— Некоторое время я сидел на кровати, словно впал в ступор. Розу увидел позже, минут через десять. Сначала я позвал ее. Затем заглянул в каждую комнату, вышел в коридор. Никого. И только позже заметил, что балконная дверь приоткрыта. Роза безумно любила моего брата. Она чувствовала, что с Павлом что-то происходит. Он переживает тяжелый эмоциональный кризис. Отсюда ссоры между ними, размолвки… Она говорила: если с Павлом что-то случится, я не переживу. Это была настоящая большая любовь. Господи, я до сих пор не могу поверить в то, что случилось.
Допрос продолжался еще часа полтора, полицейские разными словами формулировали одни и те же вопросы, словно ожидали, что Вадим собьется или начнет противоречить самому себе, и его можно будет подловить на слове и прижать. Наконец лейтенант Блюс Левин отпустил его, предупредив, что следствие только начато, Вадим не должен куда-либо уезжать, не уведомив полицейских. Поднявшись в номер, он принял душ, упал на кровать и уснул глубоким сном праведника.
Телефон зазвонил, Вадим сел на кровати, взглянул на часы. Казалось, он и пяти минут не проспал. А на самом деле почти два часа. На проводе была та же сиделка, с которой он разговаривал утром.
— Вадим, ваш отец… У него случился сердечный приступ. Он умер до приезда врача. А врач… Он сказал, что перезвонит вам через полчаса.
— Господи, — прошептал Вадим. — Господи…
Он дал отбой, вошел в ванную и включил душ. Еще недавно казалось, что это известие он воспримет легко. Но вышло наоборот, на душе почему-то было горько и тоскливо. Он торопил события, он ждал этого известия последние дни и недели, но оказался к нему не готов. По сердцу что-то царапнуло, задело за живое.
Подумалось, что отец был неплохим человеком. Одиноким, замкнутым. После кончины жены ему не с кем было словом переброситься, не с кем поделиться печалями и радостями. У него не осталось близких друзей, а родственники в России — это так, одно название. Двоюродный брат, сестра… Но по существу чужие люди. Отец надеялся увидеть в детях свое продолжение, мечтал понянчить внуков, но ничего не сбылось, а деньги не принесли ни счастья, ни радости. Наследники, слетевшиеся к смертному одру, больше похожи на воронье, чем на людей.
Девяткин прилетел в Лос-Анджелес в пять вечера. Радченко, встретил его в аэропорту, довез до гостиницы и по дороге выслушал рассказ о московских событиях, трагический и загадочный. Это повествование дополняло и подтверждало информацию, полученную от детектива Питера Брея и от Роберта Милза.
Если сложить воедино всю информацию, можно придти к следующим выводам. Ольга не успела обналичить дорожные чеки, не успела ни с кем встретиться, даже по телефону не поговорила. Получалось, что ее выманили из Америки в Россию только для того, чтобы убить. И выбрали интересное место — дачу старшего брата Павла. Иван Козлов — хозяин антикварной коллекции, которую Ольга надеялась купить, скорее всего, персонаж мифический, его не существует в реальной жизни. Как не существует и антикварной коллекции, однако Ольга была уверена в обратном.
Общая картина более или менее ясна. Однако оставался ряд вопросов, например, откуда Ольга узнала о существовании Козлова? Между ней и продавцом коллекции был посредник, которому она доверяла. Что это за человек?

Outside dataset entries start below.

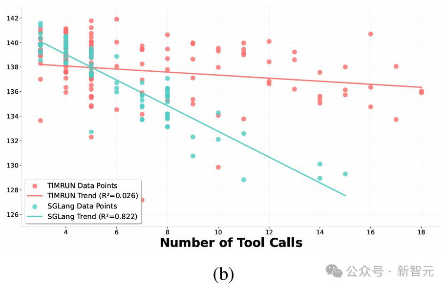 相比之下,得益于自动化的上下文管理机制,即便工具使用规模扩大,TIMRUN仍能保持相对稳定的吞吐量。
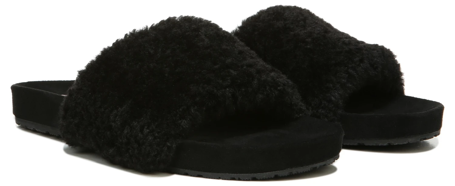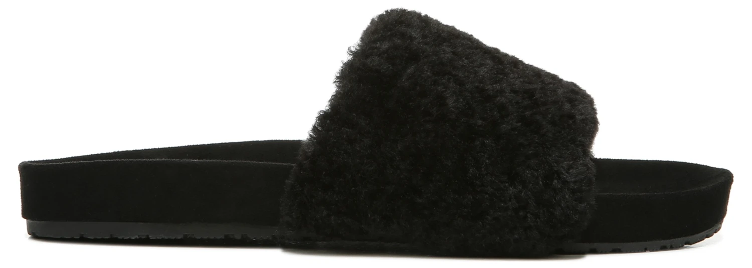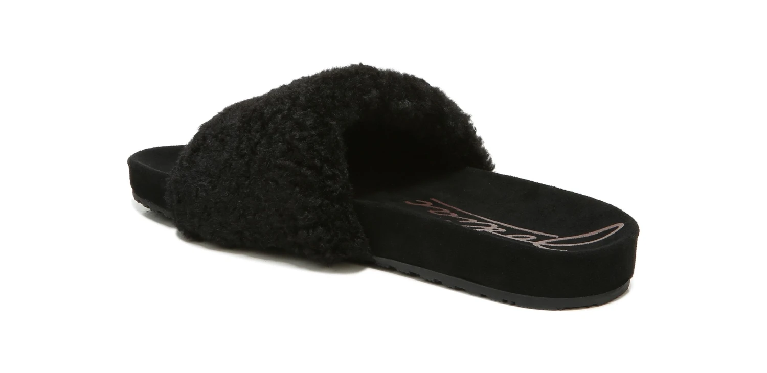 Shift into relax mode. This indoor-outdoor slide sandal features soft, cozy materials that are so right now.
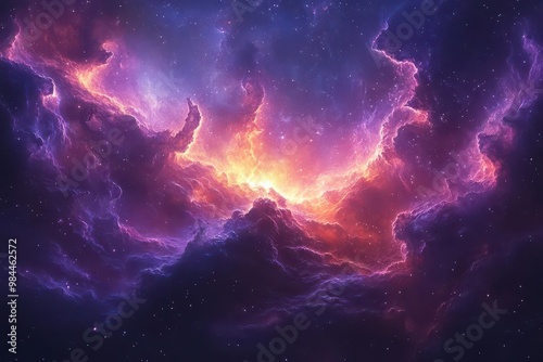breathtaking cosmic vista of swirling nebula in deep space with vibrant purples and blues illuminating distant stars and galaxies evoking wonder at the vastness of the universe
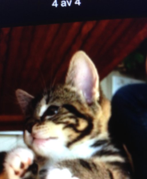 Katten har lite hode i forhold til kroppen. Hun er en katt på 6 år.
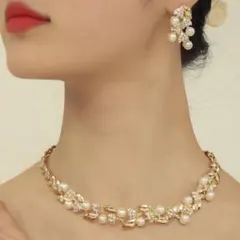 一度だけ使用した、上品なネックレスとピアスのセットです。
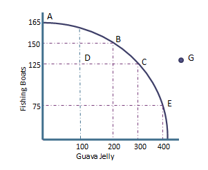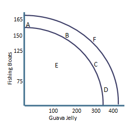 According to the production possibilities curve above, if the economy moves from point B to point E, the opportunity cost of each additional guava jelly
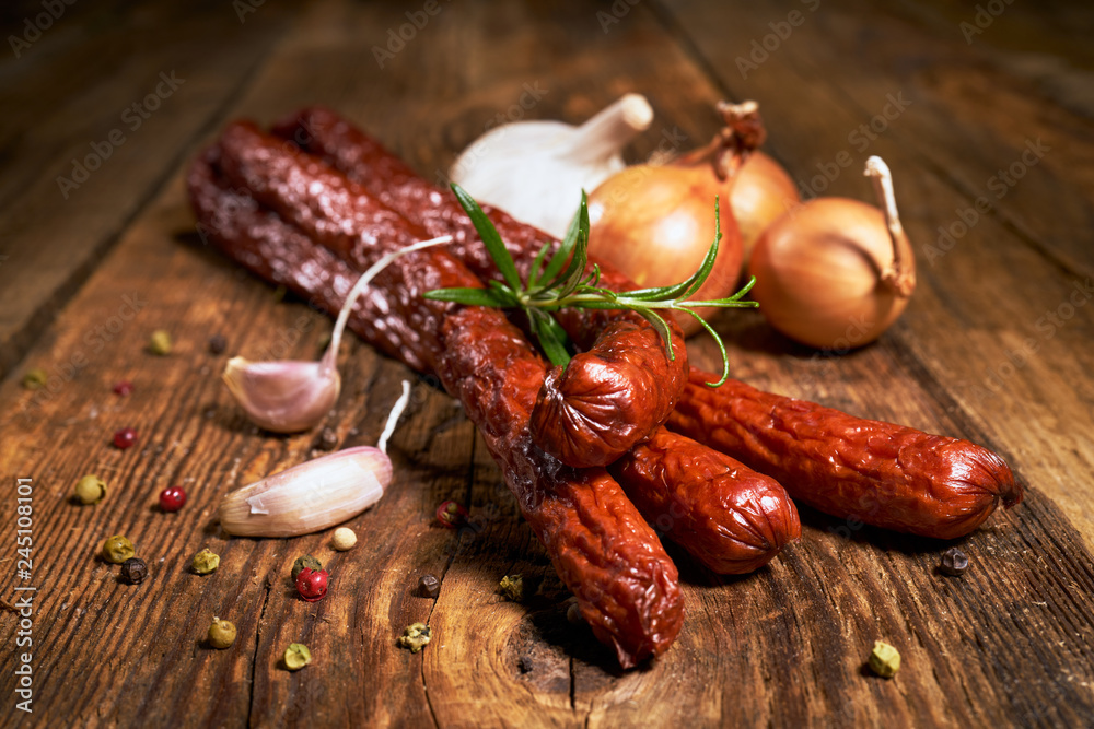 Smoked sausage on a wooden rustic table with the addition of fresh aromatic herbs and spices, natural product, produced by traditional methods
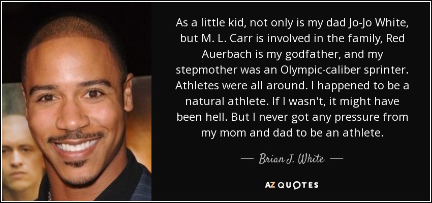 As a little kid, not only is my dad Jo-Jo White, but M. L. Carr is involved in the family, Red Auerbach is my godfather, and my stepmother was an Olympic-caliber sprinter. Athletes were all around. I happened to be a natural athlete. If I wasn't, it might have been hell. But I never got any pressure from my mom and dad to be an athlete.
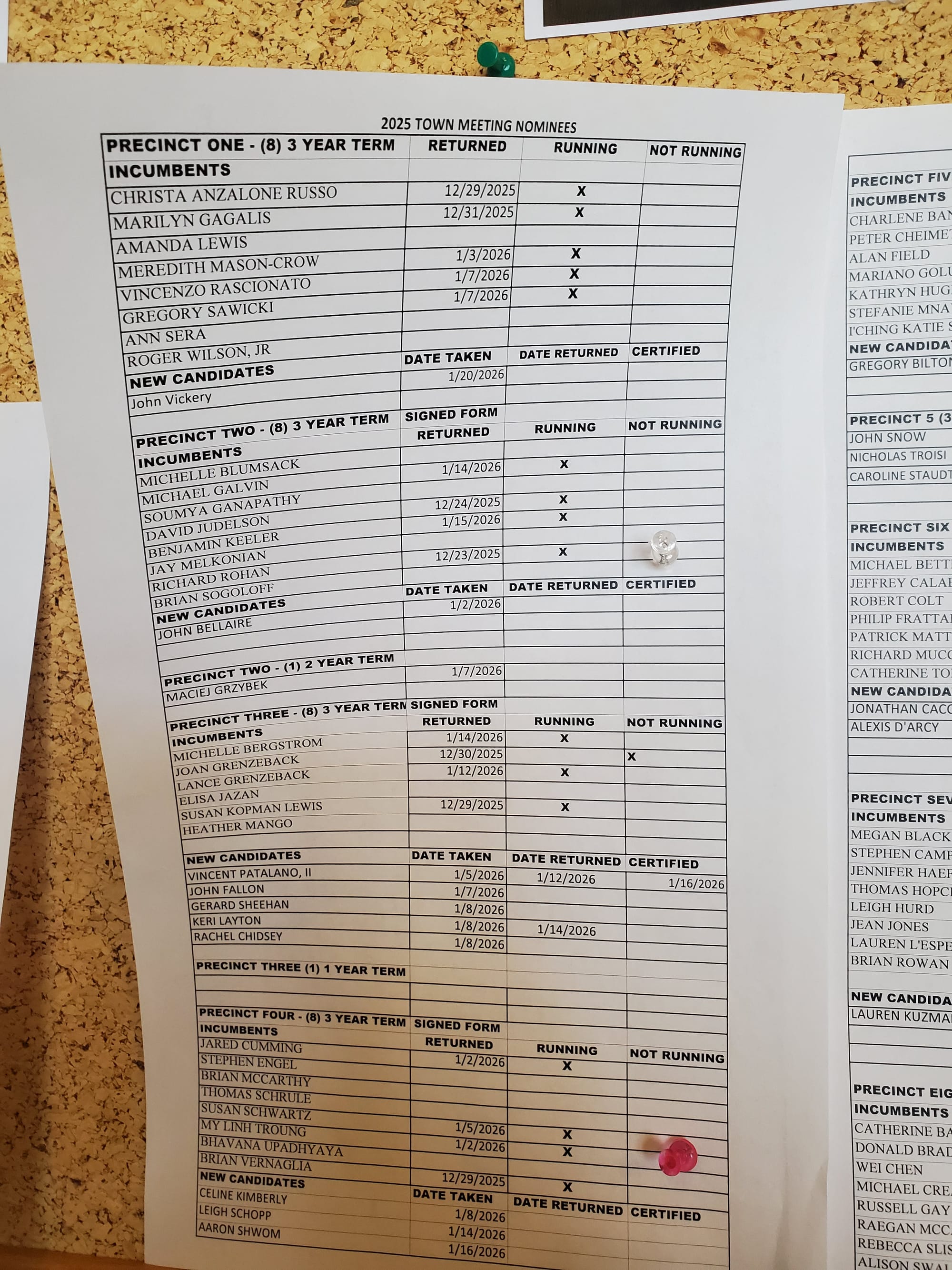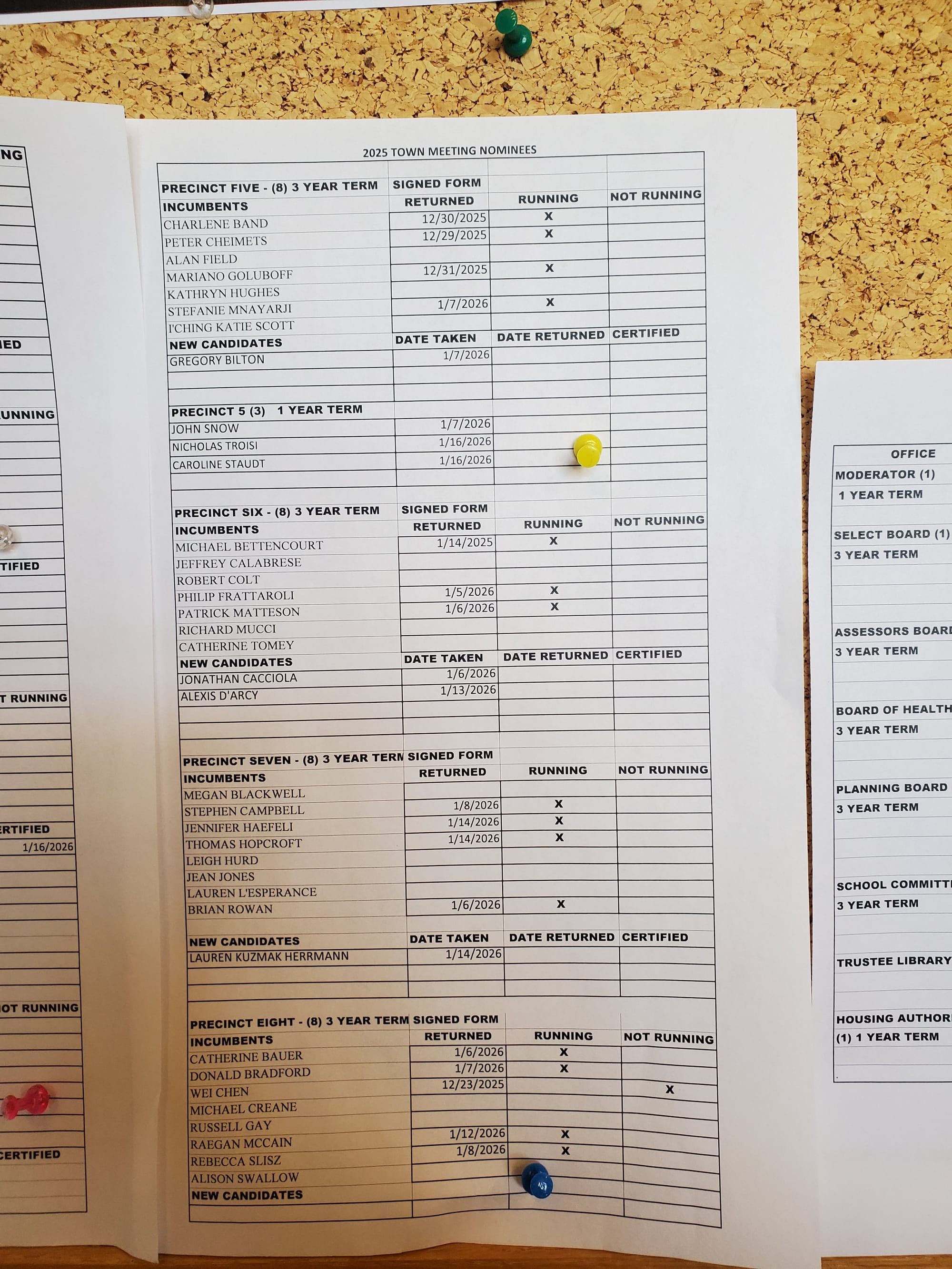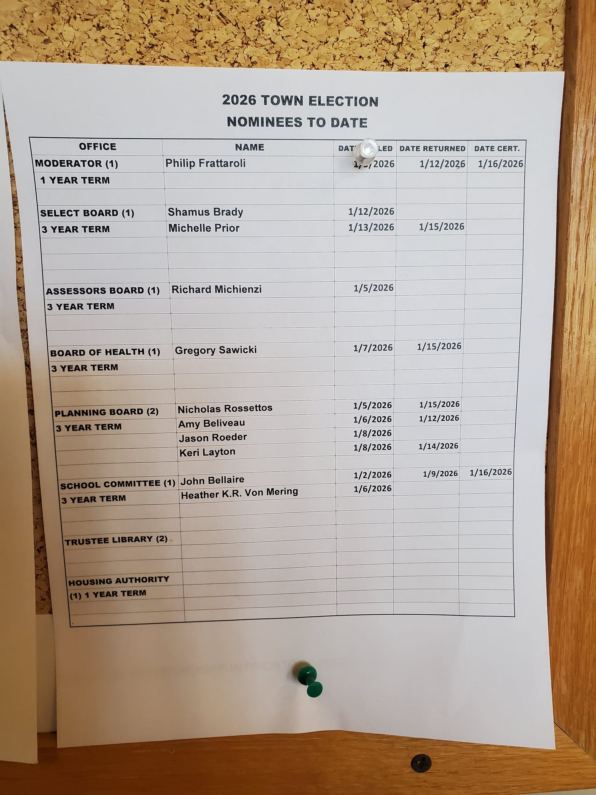 Nomination papers are available from the Town Clerk’s Office at Town Hall, 71 Mount Vernon St., and may be pulled through Jan. 28. Papers must be returned with the required signatures by noon Jan. 30. Some candidates have already returned papers, according to the posting.
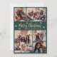 Modern Calligraphy-Grönt med enkel Elegant och Guld Snöflingor 5 Photo Collage God jul Script Helgdag Card. Den här sjutna, minimalistiska, vimistaktiga, fem (5) fotokortmallen innehåller ett fotokollage i söt, en del snöflake och säger "God jul"! Texten "God jul" hälsning är skriven i ett vackert handskript med bokstäver i guld på bakgrunden av grönt färg. På motsatt sida med din meddelandemall för hälsning med 3 små snöflingor en fotomall. Kort för hälsning till din familj och dina vänner i julens Julhelg.
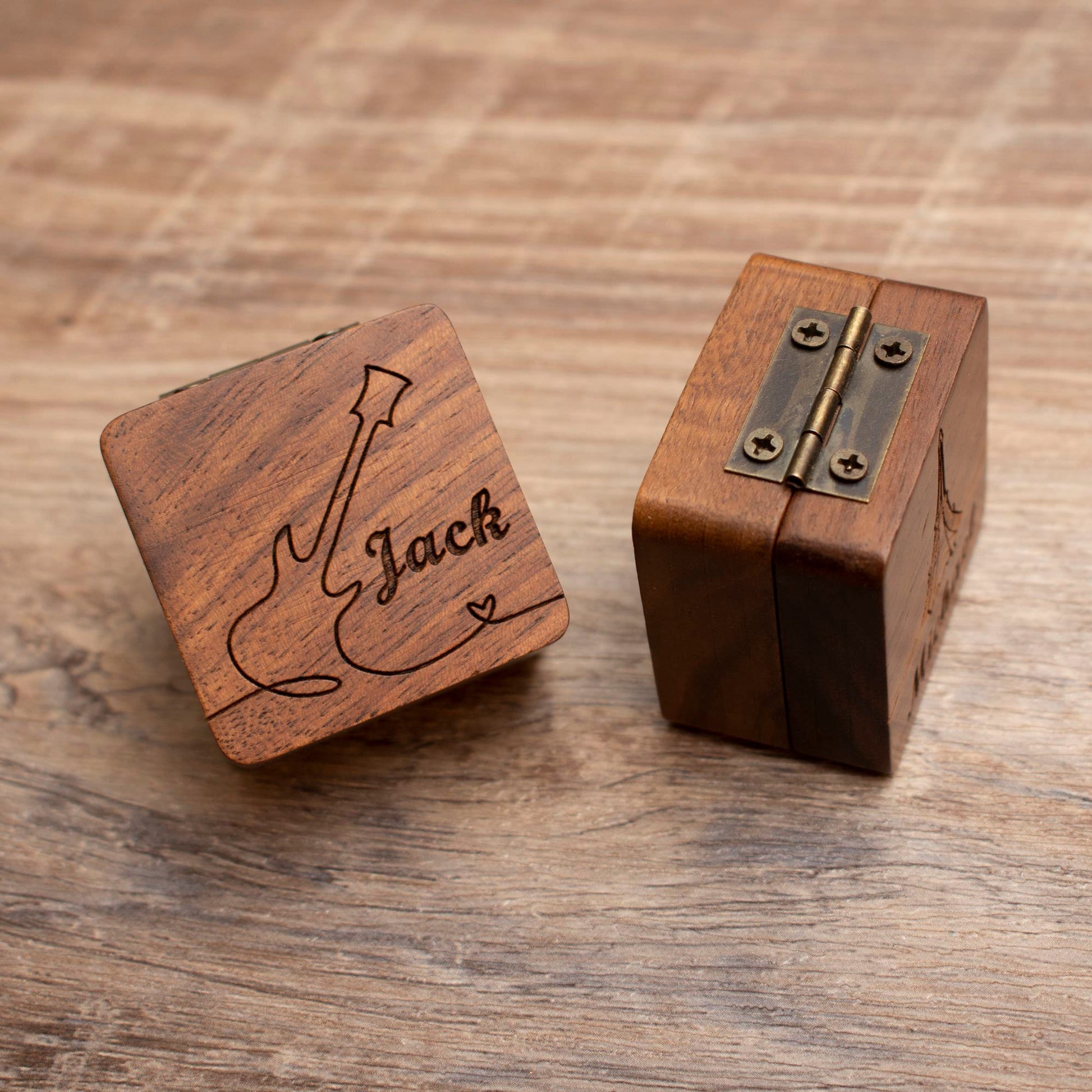 Personalized Wooden Guitar Picks with Case, Custom Guitar Pick Holder, Plectrum Box Guitar Player Gift, Father's Day, Gifts for Christmas
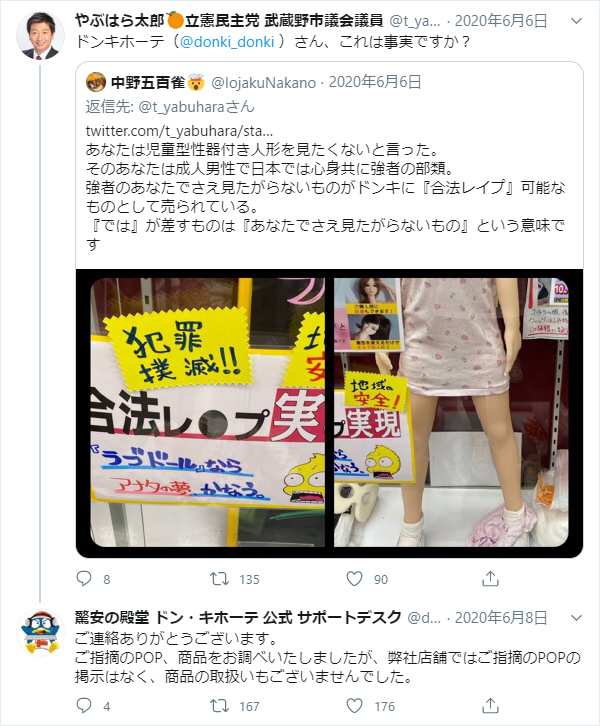 フェミニスト ラブドールは ドン キホーテ で売られている と主張し ドン キホーテ公式twitterアカウントから否定される togetter

Если предположить, что все это провернул Вадим Наумов, то вопросов возникает еще больше. Например, как он сумел все так ловко устроить? И еще: каким образом Ольга планировала переправить свои приобретения в Америку, ведь на это нужно официальное разрешение властей. Получить такое разрешение трудно, практически невозможно, по закону антиквариат запрещено вывозить из страны. Эти вопросы ждут ответов.
— Самое трудное — сообщить Джону, что его жена убита, — сказал Радченко. — Даже не представляю, как это сделать.
— Я все скажу сам. А ты переведешь.
Девяткин сам плохо представлял, как лучше выложить трагическое известие, поэтому отложил размышления на потом. По приезде он заперся в номере, и, даже не распаковав чемодан, принял душ. Затем сварил в кофеварке кофе без кофеина, включил кондиционер на полную мощность, занавесил окна плотными шторами и рухнул на кровать.
Сейчас в Москве глубокая ночь, надо вздремнуть хотя бы пару часов, чтобы голова лучше соображала. Уже засыпая, он подумал, что номер в этой недорогой гостинице куда лучше и уютнее его холостяцкой берлоги, пропахшей пылью и табаком, с видом на двухметровый забор, изрисованный похабными рисунками, исписанный неприличными словами, и на диспансер для больных туберкулезом.